I just got to your article and in typical fashion enjoyed your thoughts. Very succinct and a helpful reminder to unclutter our excesses of thought. Keep it up!
Tom, really happy to got a chance to read and comment. Always appreciate your own insights!
Jim, I always felt the largest challenge was building the strongest possible relationship with your customers. Understanding the customer’s goals (wants) for the year, helps you craft your product to the “wants” the customer and if you hit a grand slam, needs as well.
Larry, we’re singing from the same hymn book. Forging new customers and retaining them is centered on the relationship. Thanks for reading and commenting, and let’s talk soon.
Just heard from a good friend, Tony B. on the article via email: “Nicely written as always, concise and straightforward. The TP analogy was a perfect fit to explain your crafted words. In baseball Wee Willie Keeler said “hit ’em where they ain’t”. Just makes plain sense. Give the customer what they want! I just wrote it on a piece of paper on my desk until it is forever engrained in my thought processes.” Thanks so much Tony…stay safe!

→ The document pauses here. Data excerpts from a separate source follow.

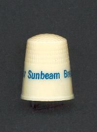 Cream coloured plastics with raised rim. Wide plain band above rim with blue advertising - Reach for Sunbeam Bread . Blue star. Small circle with Printed in U.S.A.
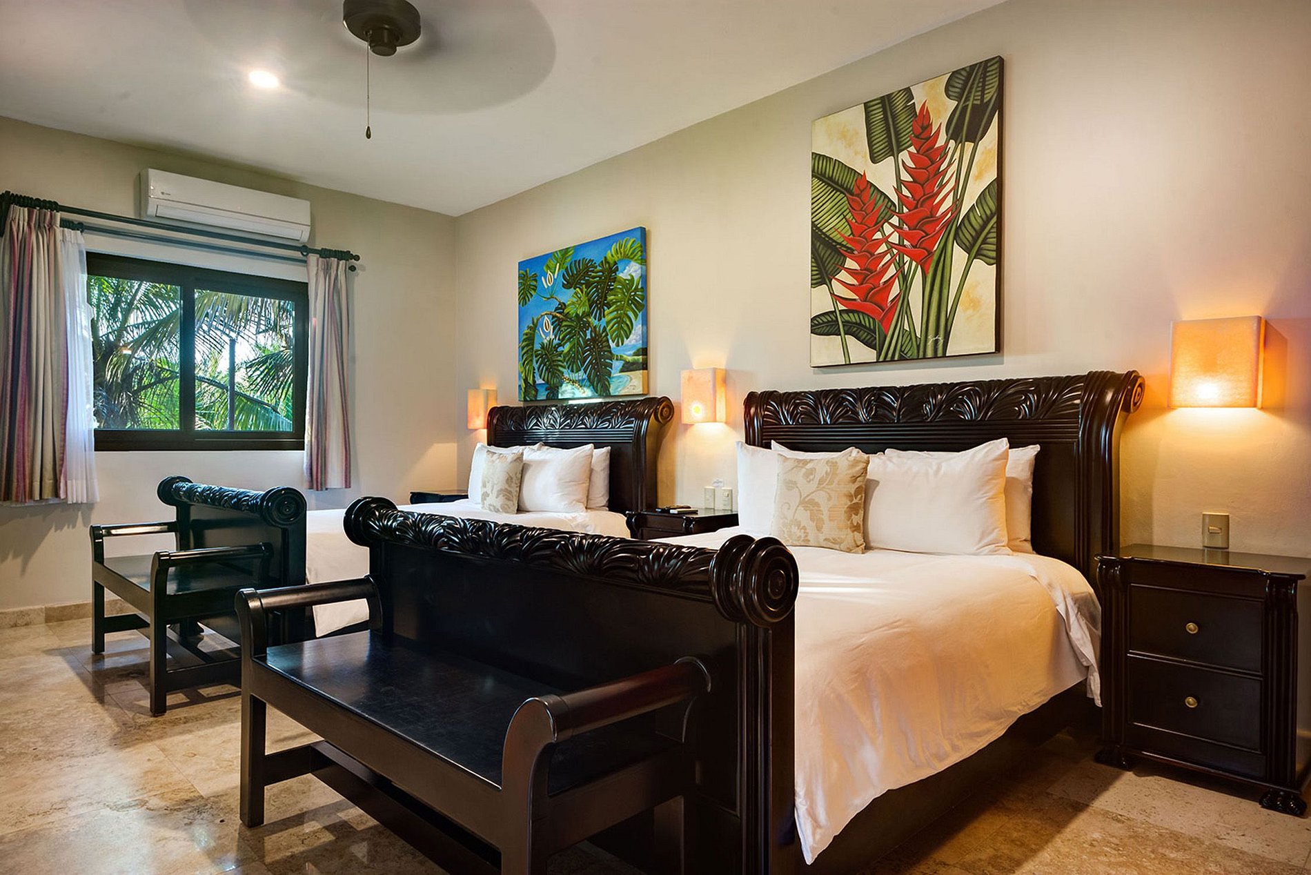 Il y a cinq chambres climatisées conçues artistiquement avec des plafonds de 14 pieds à l'intérieur de la villa; 2 chambres sont meublées avec 2 lits queen-size, deux chambres sont meublées avec 1 lit king-size et 1 chambre est meublée avec 1 lit queen-size. Il y a aussi 4 belles maisons d'hôtes situées à l'extérieur; 2 des maisons d'hôtes sont meublées avec 2 lits king-size et les 2 autres maisons d'hôtes ont chacune 1 lit king-size. Chacune des 9 chambres est équipée de ventilateurs de plafond, d'une télévision par satellite, d'un lecteur DVD et d'un coffre-fort. Ce magnifique décor de maison a été inspiré par l'architecture et l'artisanat mexicains. Chaque chambre a sa luxueuse salle de bain privée en marbre et la salle de bain principale dispose d'une baignoire jacuzzi avec une vue incroyable sur les Caraïbes.
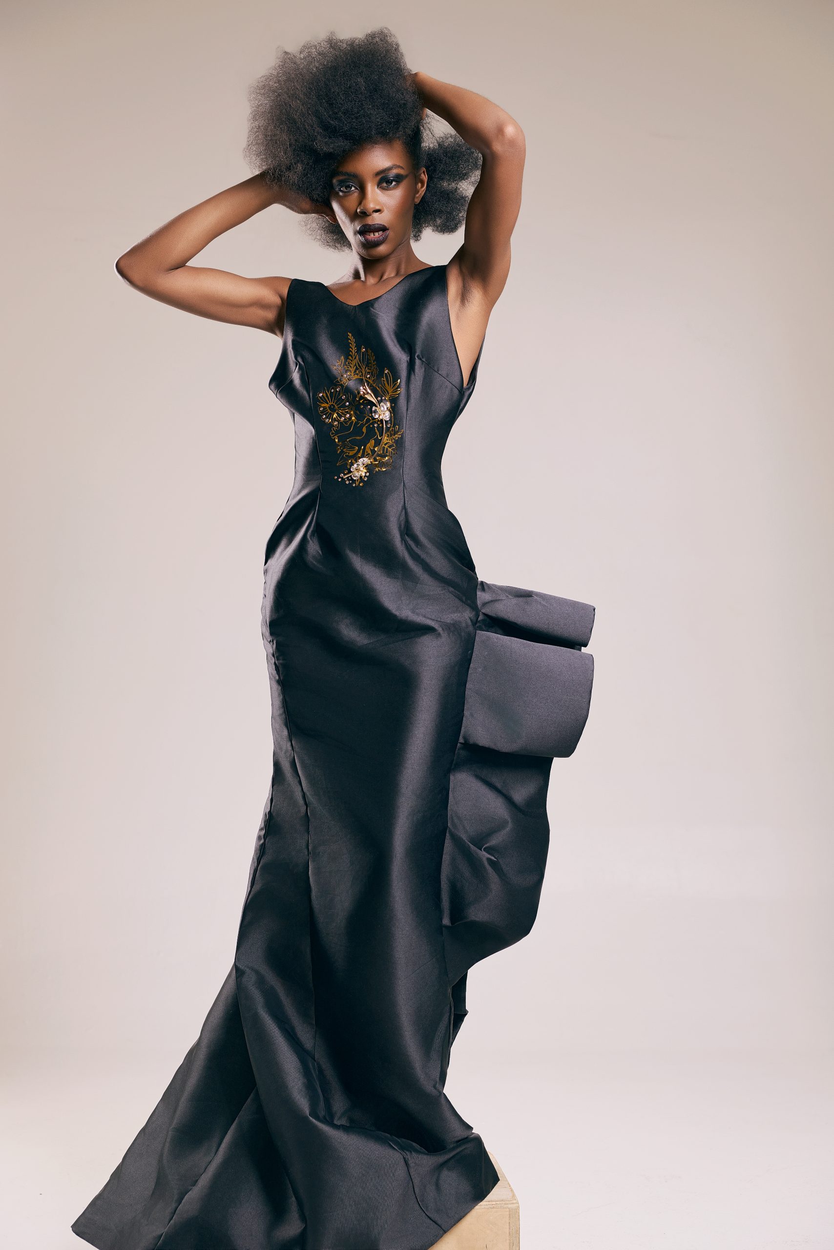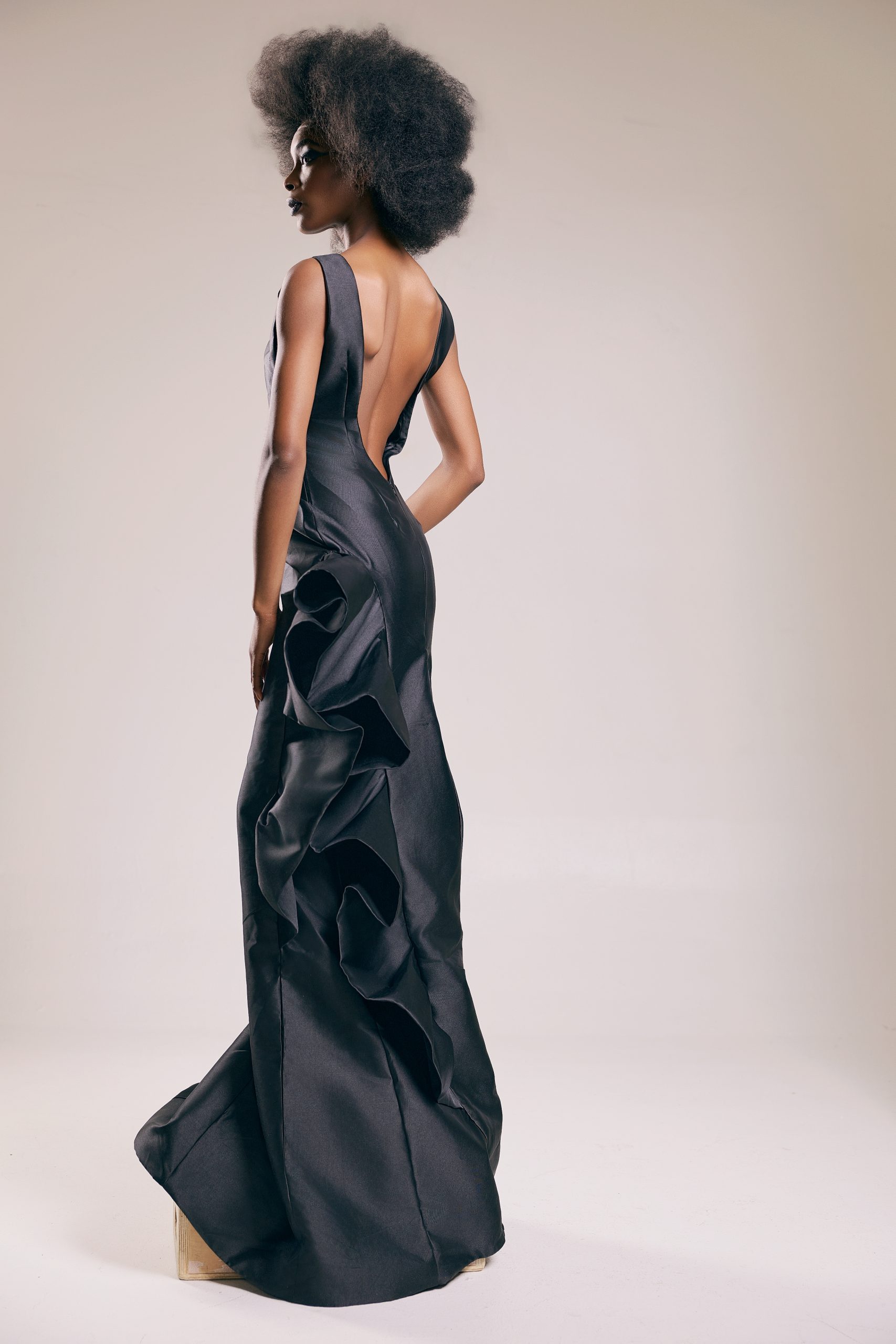 A draped halter neckline opens to a deeply cut open back, the spine fully revealed. Tonal hand embroidery traces the bodice with the precision of a drawn mark, each stitch placed by hand in the Joseph Ejiro atelier.
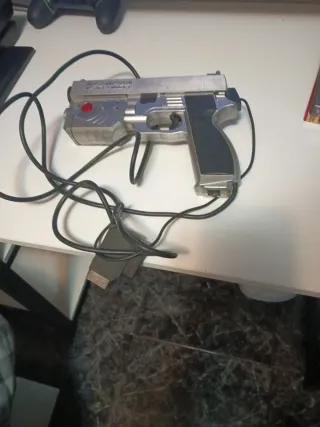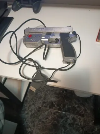 Pistola de videojuegos estilo retro. - Diseño plateado y negro. - Gatillo y detalles en rojo. - Cable de conexión incluido.
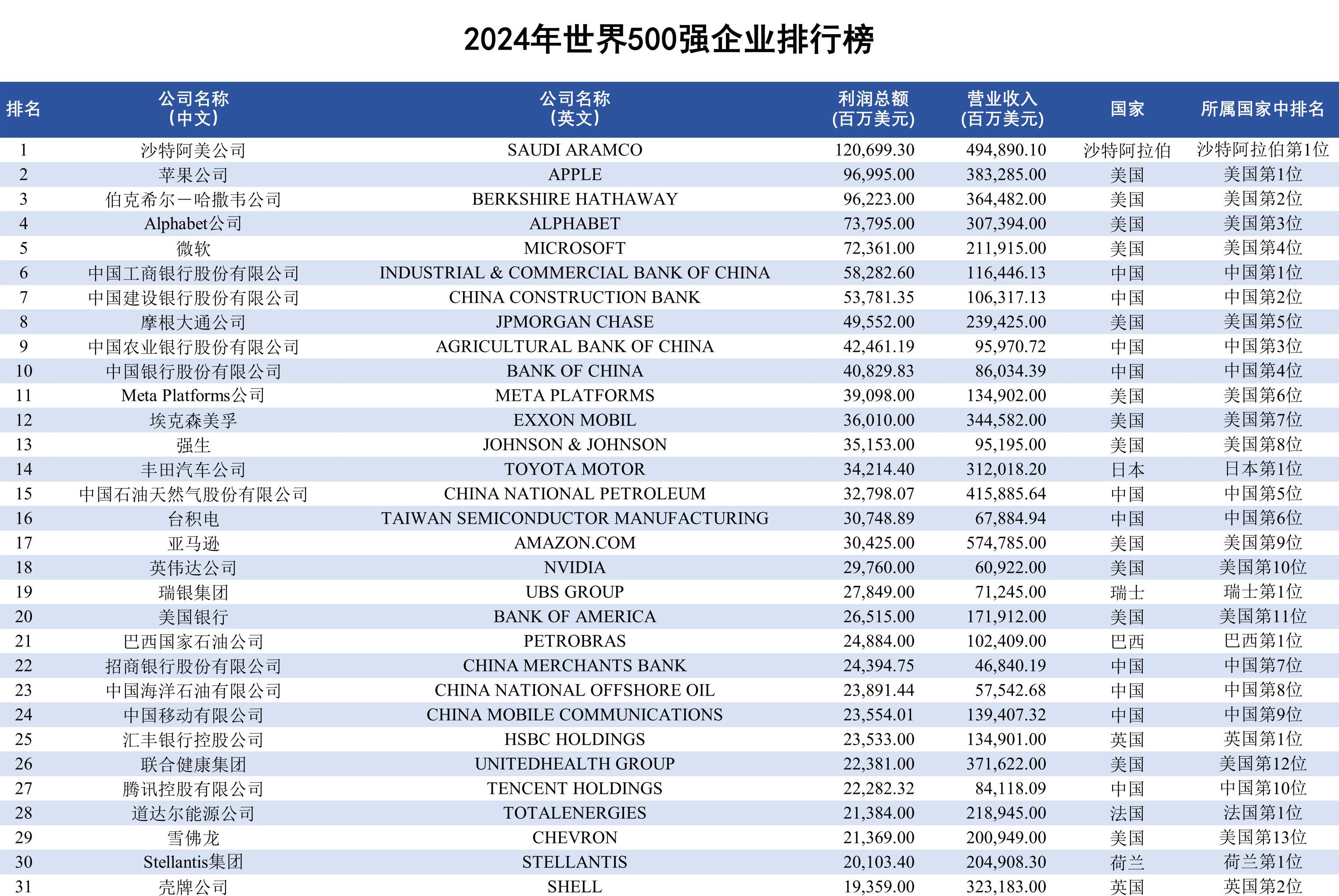 華頓版2024年世界500強企業排行榜中,所有上榜企業創造的利潤總額合計為3.82萬億美元,營業收入超32萬億美元,上榜門檻(最低利潤額)為21.67億美元。

Jim, thanks for sharing this valuable observation with me. We’ve heard it all before over decades and decades, but someone like you needs to remind people that successful businesses are successful at addressing the wants of their clients first. All good things follow that rule. Napoleon Hill, W. Clement Stone, Tom Peters and many brilliant people have proven it out over the years. As always, you zero in on genuine value. My best to you, friend. Gary
Gary, always appreciate your comments! I appreciate your own wisdom, from which I have gained in my association and friendship with you in the Cornerstone meetings we held in the past. Once thing COVIOD-19 can’t take away — the relationships formed during sessions like you conducted. Thanks again.